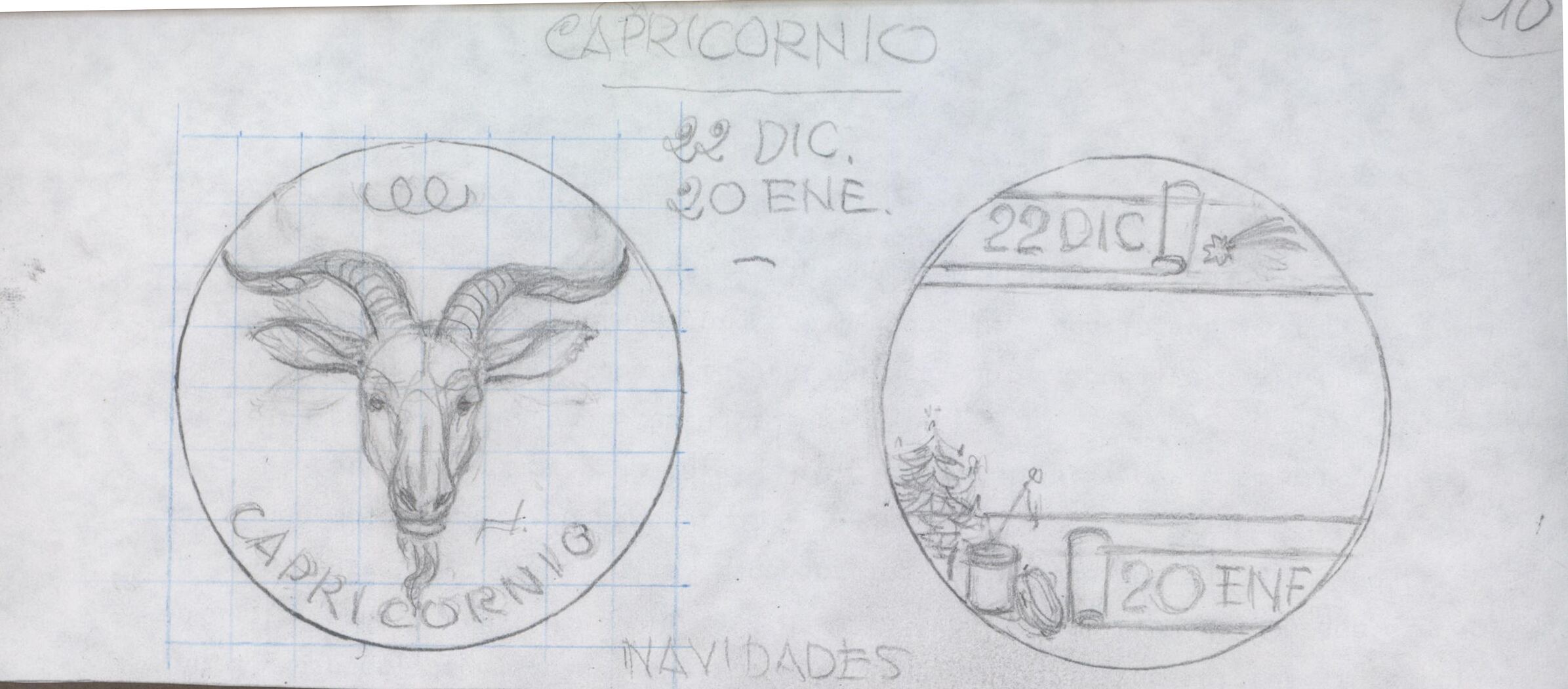 - Boceto a lápiz de dos caras de unas medallas con diferentes temas pero mismo significado en la relación de fechas, la primera con la imagen de un cabrito junto a las dos fechas correspondientes a las navidades.
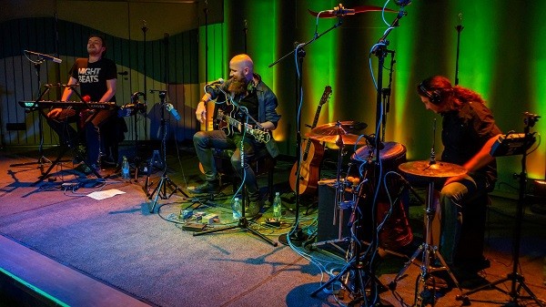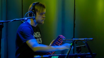 Adam Meryk grający na instrumentach klawiszowych, melodyce i wzbogacający brzmienie elektroniką oraz
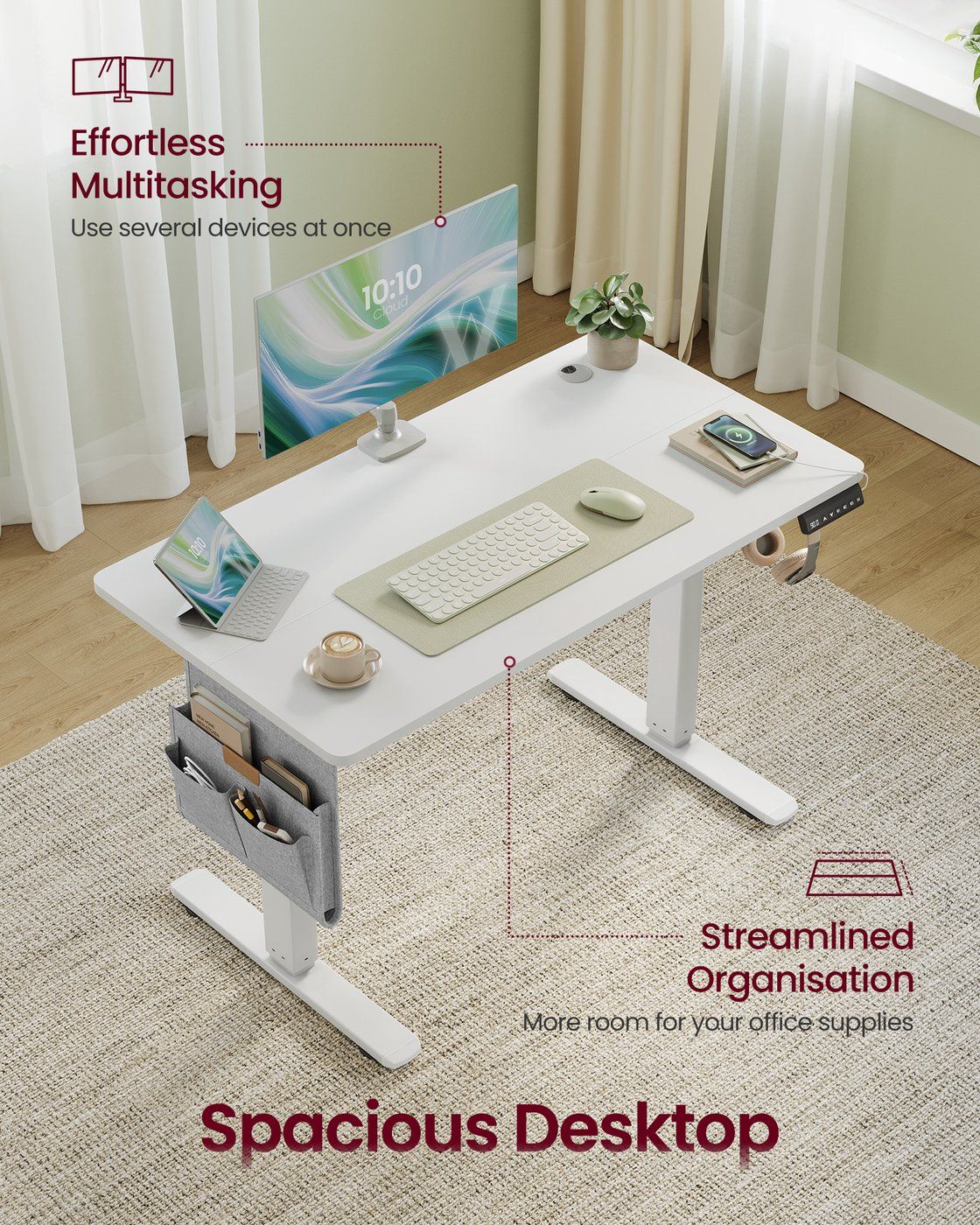 Transform your room using the CELSEA Office Deskh with Height Adjustable - White. This versatile furniture piece offers a stylish way to organise your home while adding a modern touch to any room. Crafted from durable materials, it provides a strong and reliable structure for everyday use. Perfect for living rooms, bedrooms, offices or hallways. It combines practicality with contemporary appeal. Made to offer hassle-free assembly and sturdy support.
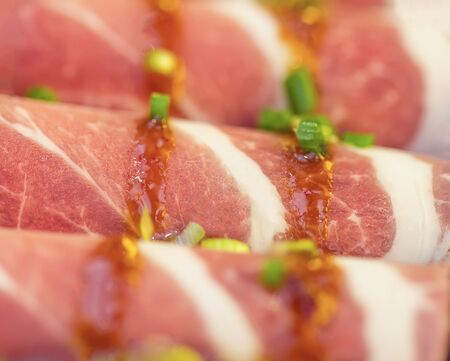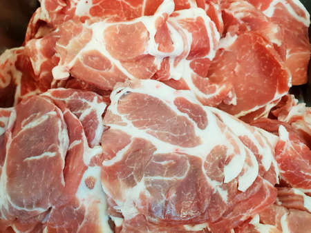 Top view of pork collar sliced as a background in the market for sale at Thailand, fresh meat for grill, Shabu
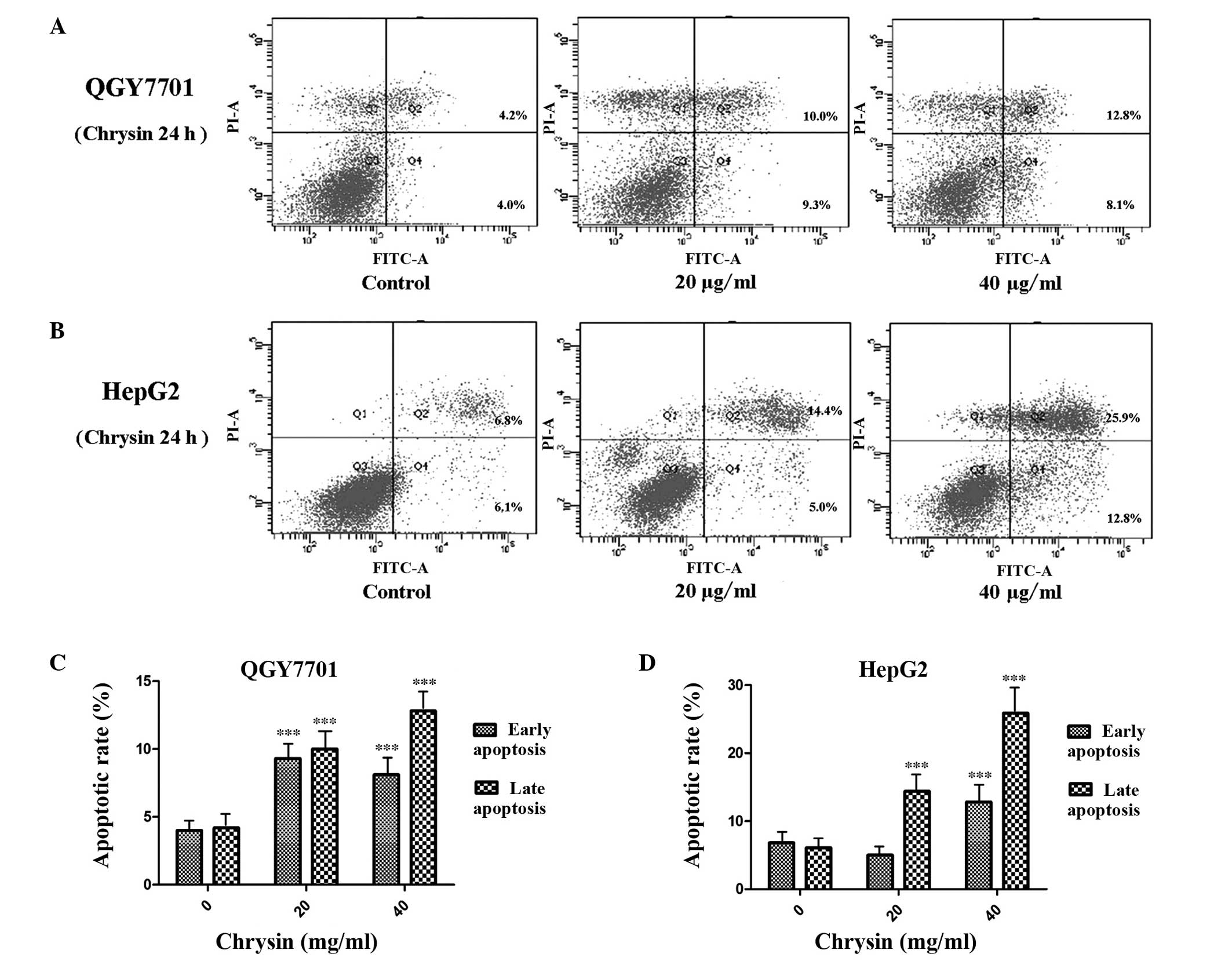 Therefore, the aim of the present study was to examine the anticancer effect of chrysin on HCC cells, and determine the underlying mechanism of chrysin-induced apoptosis in HepG2 and QGY7701 human HCC cells.

> Exercise description
Return all the records exactly. Skip the pictures.

> Written solution
 - Boceto a lápiz de dos caras de unas medallas con diferentes temas pero mismo significado en la relación de fechas, la primera con la imagen de un cabrito junto a las dos fechas correspondientes a las navidades.
 Adam Meryk grający na instrumentach klawiszowych, melodyce i wzbogacający brzmienie elektroniką oraz
 Transform your room using the CELSEA Office Deskh with Height Adjustable - White. This versatile furniture piece offers a stylish way to organise your home while adding a modern touch to any room. Crafted from durable materials, it provides a strong and reliable structure for everyday use. Perfect for living rooms, bedrooms, offices or hallways. It combines practicality with contemporary appeal. Made to offer hassle-free assembly and sturdy support.
 Top view of pork collar sliced as a background in the market for sale at Thailand, fresh meat for grill, Shabu
 Therefore, the aim of the present study was to examine the anticancer effect of chrysin on HCC cells, and determine the underlying mechanism of chrysin-induced apoptosis in HepG2 and QGY7701 human HCC cells.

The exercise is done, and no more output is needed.